Among the issues the inspector general identified are the dogs’ inability to detect certain explosives or explosive devices. The specifics were redacted from the report.

“We also found canines on TSA’s PSC teams may not detect REDACTED,” the report said. “This is due to canines having inherent limitations, restricting TSA’s ability to train PSCs to detect all significant explosive threats.”

The report also raised concerns that local TSA managers were more concerned about keeping checkpoint lines moving than using the dogs most effectively.

Some officials, it said, “used canines to expedite passenger screening at checkpoints rather than to detect explosive odors as intended.” After being sniffed by a dog, passengers would walk through a metal detector rather than a body scanner. That “introduces greater risk because the metal detector only identifies metallic objects whereas the other equipment identifies all anomalies on a person’s body.”

A CNN report in December revealed separate whistleblower concerns with TSA prioritizing speed over security.

The report does not address whether even a dog that is ineffective at detection would have a deterrent effect.

In a memo attached to the report, TSA Administrator David Pekoske did not dispute that the dogs are unable to detect certain explosives but defended the program.

He said he “strongly disagrees with the report’s” two conclusions that the public is at risk of a catastrophic incident and funds spent on the program could have been put to better use elsewhere.
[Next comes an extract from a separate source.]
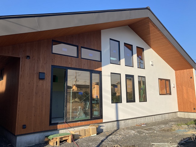 高萩の家は外部の足場が取り除かれ、STOの塗り壁、杉羽目板張り、そしてエクセルシャノンの窓がくっきりとお目見えとなりました。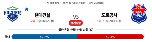 12월18일 현대건설 vs 한국 도로공사 토토분석

“TSA PSCs provide a valuable detection and deterrence capability in TSA’s layered approach for transportation security that cannot be duplicated by technology,” Pekoske wrote.
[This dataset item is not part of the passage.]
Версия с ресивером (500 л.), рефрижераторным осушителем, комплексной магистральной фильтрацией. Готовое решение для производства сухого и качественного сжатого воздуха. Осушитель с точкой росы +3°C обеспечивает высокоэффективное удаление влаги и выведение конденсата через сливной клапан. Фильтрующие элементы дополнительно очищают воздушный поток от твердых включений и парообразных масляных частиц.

The TSA did not respond to a request from CNN for further comment on the report.

The report said TSA has up to 422 dogs deployed nationwide at 47 locations, although many of those teams may not be certified and actively working. The report said the agency also funds dogs handled by state and local police.

Airport security officials have used dogs since the 1970s, the report said, but began using them at checkpoints after the 2009 failed underwear bombing attack onboard an aircraft on Christmas Day.